Put simply, indoor and outdoor positioning make use of the same technology, just at different levels of granularity. Actall’s zone-based philosophy allows for coverage of facility areas large and small, and our system is built to scale up or down as needed. So, yes—we can track you wherever.
Here’s a look at how Actall’s real-time locating system (RTLS) works, inside and out:
Indoor Positioning in Complex Environments
In a corrections context, planners and key contacts at initial stages of engagement with Actall are primarily concerned with ensuring safety and security for staff and inmates inside the facility itself—but we always emphasize how important it is to consider outdoor needs such as recreation yards and facility grounds.

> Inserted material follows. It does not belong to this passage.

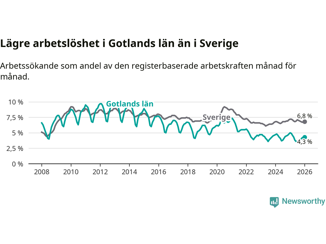 Gotlands län hade redan tidigare lägre arbetslöshet än snittet i hela Sverige och nu växer klyftan (4,3 procent i länet, jämfört med 6,8 procent i hela riket). Norrbotten har den lägsta arbetslösheten i riket (3,9 procent), medan Skåne har den högsta (8,9 procent). För att Gotlands län skulle komma ner i samma arbetslöshetsnivå som Norrbotten skulle 115 personer behöva sysselsättas.
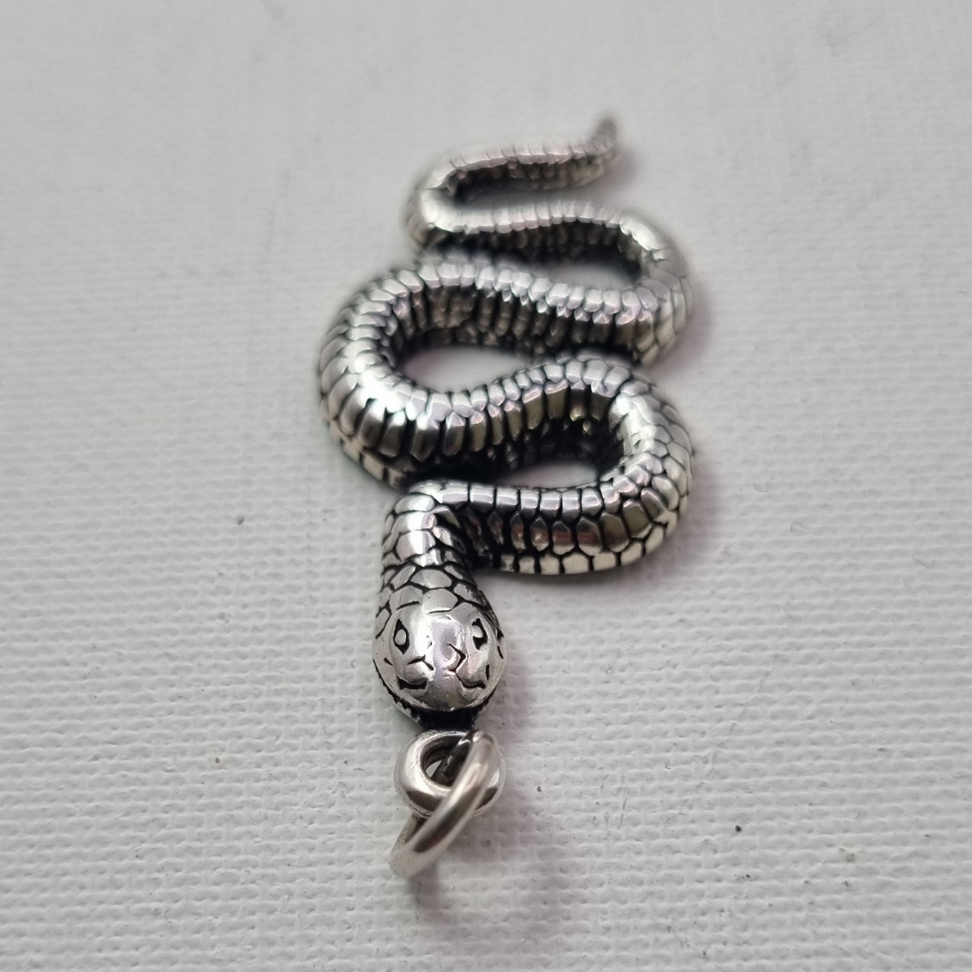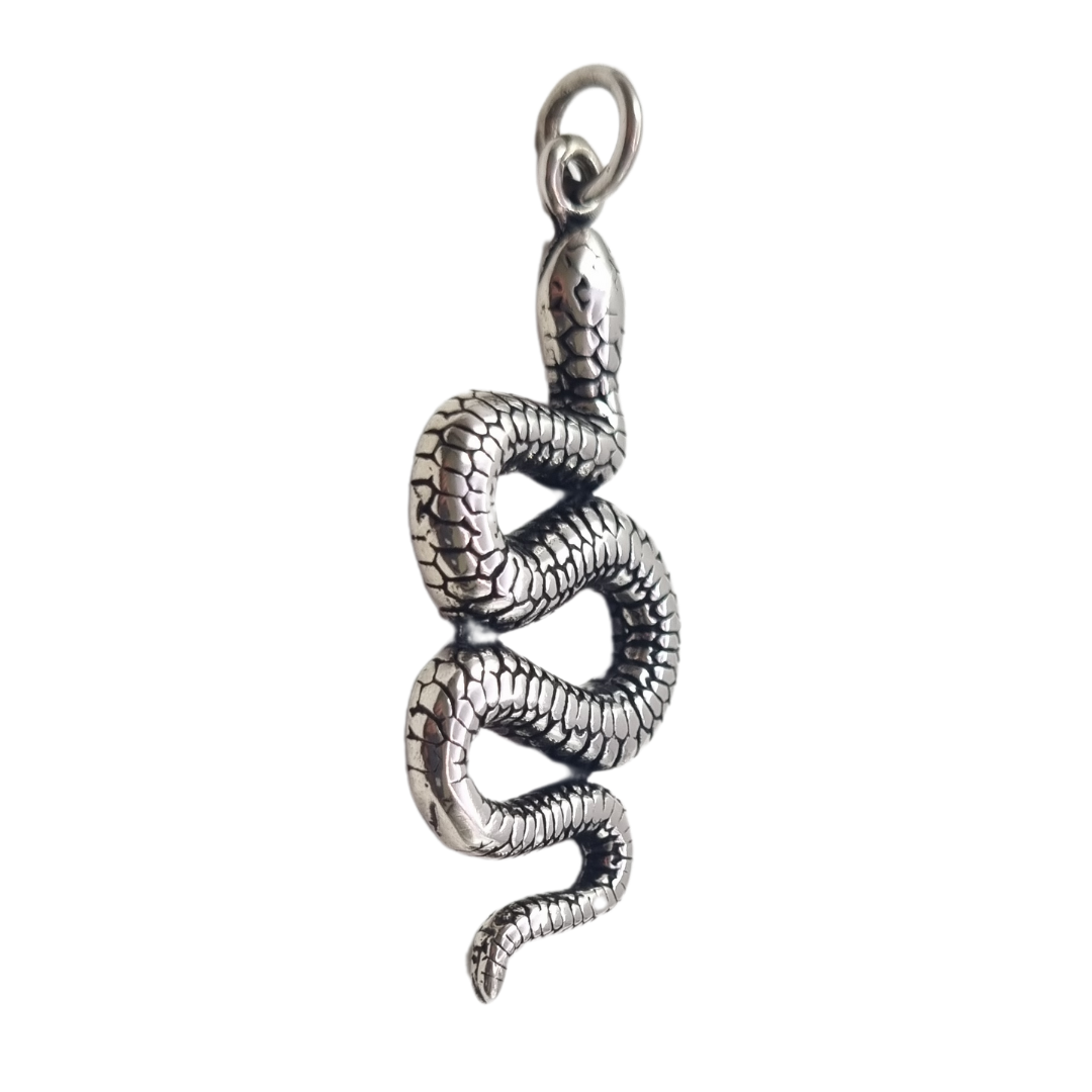 A snake pendant in 925 silver is a captivating piece of jewelry, often rich in symbolism. The serpent is associated with transformation, rebirth, and wisdom in various cultures, making it a meaningful accessory. Crafted in silver, the intricate details of the snake's scales and coiled form add to its allure, creating a striking and elegant design.

Looking ahead can be extremely helpful in evaluating a facility’s RTLS needs. For example, one customer had to go back to the drawing board, apply for more budget and dig additional utility trenches to address outdoor coverage needs that arose after the initial installation of Actall’s ATLAS technology inside the facility. While the customer’s long-term plans included construction of a recreation yard, the facility still required outdoor positioning in a short-term capacity to ensure staff safety.
For these reasons, we always encourage clients to take a future-focused look when evaluating their RTLS outdoor tracking needs. That yard or garden may not be built out and operational at the same time as the facility itself, but if the need is identified and planned for, it will avoid headaches down the line.
Granularity at Any Scale
Once areas of coverage are identified and specs are drawn up, the onsite integration team places locators strategically—as close together or far apart as needed. These locators take in “pings” from active tags that corrections officers are wearing, for example. These pings show which zone officers are in, so if they request backup, it’s clear where it’s needed.
The closer the locators are placed, the narrower the zone, and the finer level of detail or granularity there is in a specific location—elevating safety in facilities where coverage down to a room or cell is necessary.
Open areas, such as a recreation yard where there is a high level of visibility, don’t necessarily need locators every 5 to 15 feet. But having them placed strategically (such as behind sheds or other sheltered, lower-visibility areas) means if a corrections officer needs backup, other officers will know quickly and easily which zone to go to.
This kind of flexibility and scaling is by design: As coverage needs change due to facility renovation or repurposing, Actall’s systems are built to adapt with them. Our mission is to ensure facilities are equipped with solutions that meet their needs and keep staff safe, leading to fewer adverse incidents and an overall increase in on-the-job wellness—which means less turnover.